Spending the last few days reading post after post on anxietyhelp.org, many have mentioned that supplementing Parnate with Neurontin is almost as good as being on the 'old' Nardil. But these were people who have been on the old version for many years only to have gotten sick or hospitalized after switching to the new version. The reason, from all that I have gathered so far, results from the lack of an enteric coating (for bypassing the stomach acids), the subtraction of Acacia and Kaolin (for better and more consistent absorption in the small intestines), and the addition of Croscarmellose sodium (which seems to interfere with the absorption). All the current versions, regardless of where they're manufactured, have more or less stuck with the new Pfizer formula. The kind I was fortunate enough to get was the Concord brand, which doesn't include Croscarmellose sodium. I'm just going to assume and hope that since I was never on the old version before, my physiology will be much more accepting of the new version. Many have had luck with crushing it up and putting it inside an empty enteric capsule, but I've found those capsules aren't exactly easy and affordable to come by like gelatin capsules, which get quickly broken down by GI acids. Enteric coatings get added on top of a drug during its manufacturing process, and not separately, even though it can and has been done. But hopefully I won't have to go that route.

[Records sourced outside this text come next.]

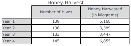The table shows the number of hives a beekeeper maintains and the amount of honey harvested from the hives over four years.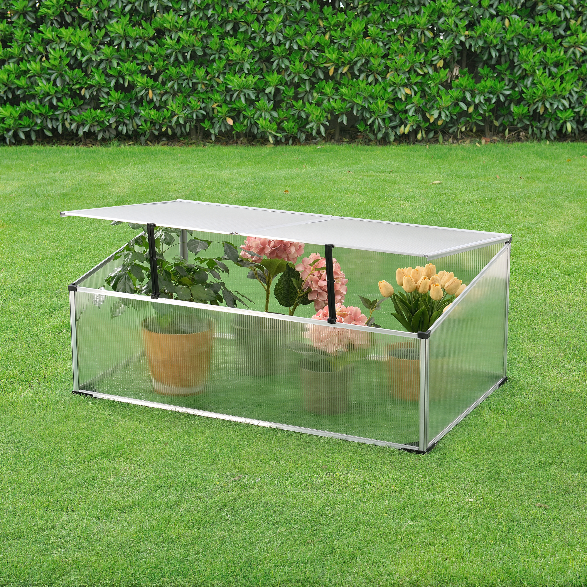 Das Mini Gewächshaus lässt sich schnell und einfach auf- und abbauen. Die lichtdurchlässigen Hohlkammerplatten sorgen für ausreichend Licht und das aufklappbare Dach für eine gute Belüftung. Außerdem ermöglicht der kleine Pflanzkasten Ihnen bereits in kalten Monaten eine Aufzucht Ihrer Sprösslinge und schützt diese darüberhinaus vor Wind und Wetter.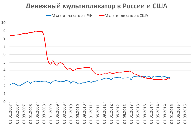 Актуальность количественного смягчения в России подтверждается и тем, что денежный мультипликатор (отражающий так называемый левередж финансовой системы, соотношение денежной массы к денежной базе) в России с августа 2013 года стал больше, чем мультипликатор в США. Казалось бы, финансовую систему России можно поздравить – она стала «круче» американской, хотя всегда отставала по этому показателю. Ура, догнали и перегнали Америку! На самом деле, впору приносить соболезнования. Ведь российской финансовой системе (банкам в первую очередь) из-за этого приходится работать в значительно более напряженных и жестких условиях, чем финансовой системе США, и это в условиях кризиса.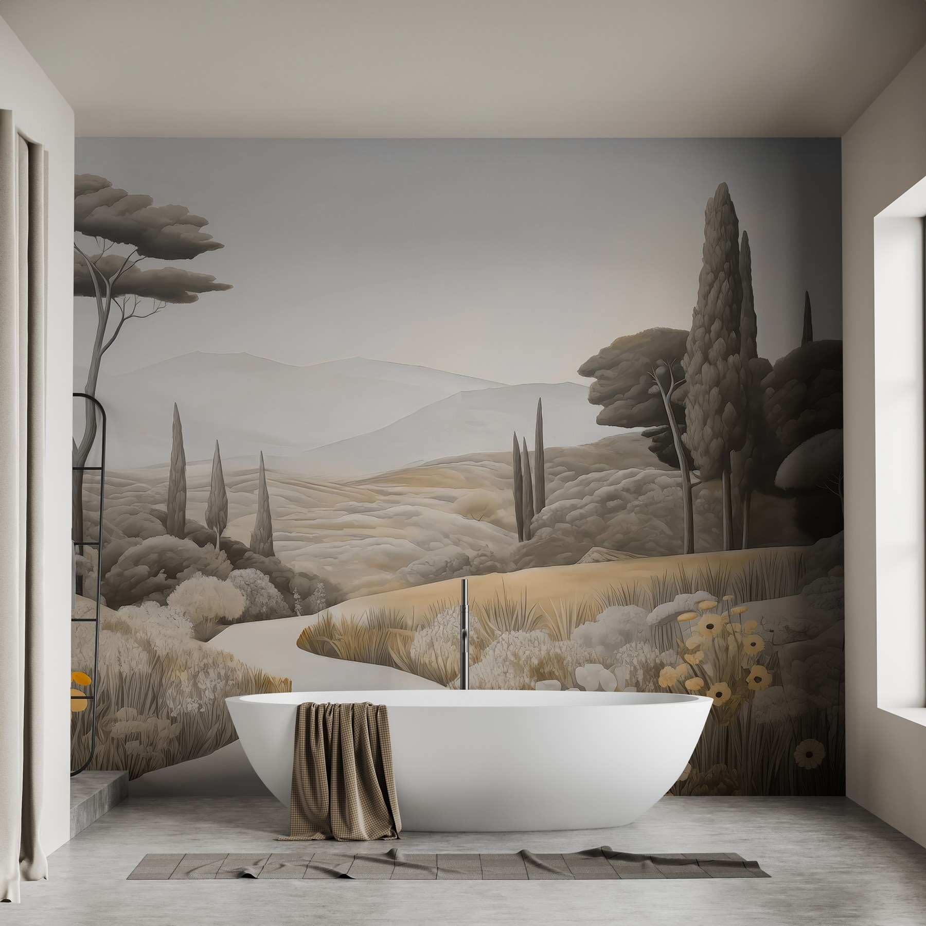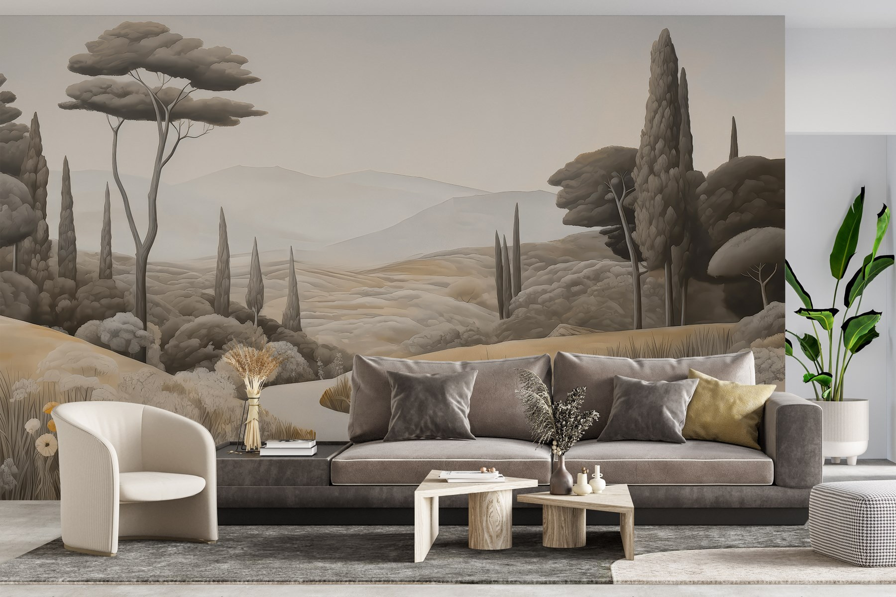 Transformați-vă spațiul cu această murală uimitoare, “Peisaj cu un drum sinuos și copaci”. Acesta aduce la viață un peisaj rural senin, invitând natura în interior, fără mizeria de afară. Imaginați-vă sorbind cafea într-o duminică leneșă în timp ce priviți dealurile blânde și copacii legănându-se – este ca o mini-vacanță chiar pe peretele dvs. Perfectă pentru acele momente de vis, această pictură murală vă învăluie camera în tonuri calde, pământii și detalii moi care vă fac să doriți să respirați adânc. Șoptește relaxare, amintindu-ți de plimbările liniștite sub cerul liber. Imaginați-vă doar conversațiile pe care le-ar putea stârni sau vibrațiile calme pe care le aduce – ce atingere dulce pentru orice colțișor!

Anyway, I'm thinking of a Nardil + Neurontin + Klonopin combo, but I'm just going to wait to see how I react to Nardil first. Unlike other meds, Nardil isn't the kind to take haphazardly.

How is Parnate working for you, btw?


----------



## longway (Mar 3, 2007)

Formerly Artie,
I think you're going too far thinking what would be the next move.First let Nardil show you how it can help you. you seem to be very worry about the 'old' and the 'new' too much. I've red and know alot of people that take it today and all they say about it is 'wonderful' so I think if this is meant to be the drug for you it should work anyway regardless being 'new or old'.
I'm at 45mg/d for 4 days already, I know It might take some time to work so patient is important factor.
So how does your therapy go Artie? what dose and day are you at?


----------



## Formerly Artie (Jun 26, 2007)

longway said:


> Formerly Artie,
> I think you're going too far thinking what would be the next move.First let Nardil show you how it can help you. you seem to be very worry about the 'old' and the 'new' too much. I've red and know alot of people that take it today and all they say about it is 'wonderful' so I think if this is meant to be the drug for you it should work anyway regardless being 'new or old'.
> I'm at 45mg/d for 4 days already, I know It might take some time to work so patient is important factor.


I actually think you're right. If I'm lucky, I'll just be on Nardil and nothing else. True, I am planning too far ahead, so I'll just wait to see what Nardil does. It would appear that those who have had major problems on the new Nardil have been on the old one for many years prior. I still think Pfizer did a big disservice to those people with the reformulation, and believe it was wrong and immoral what they did, since a lot people either fell apart completely, lost their jobs and family, or went into the hospital.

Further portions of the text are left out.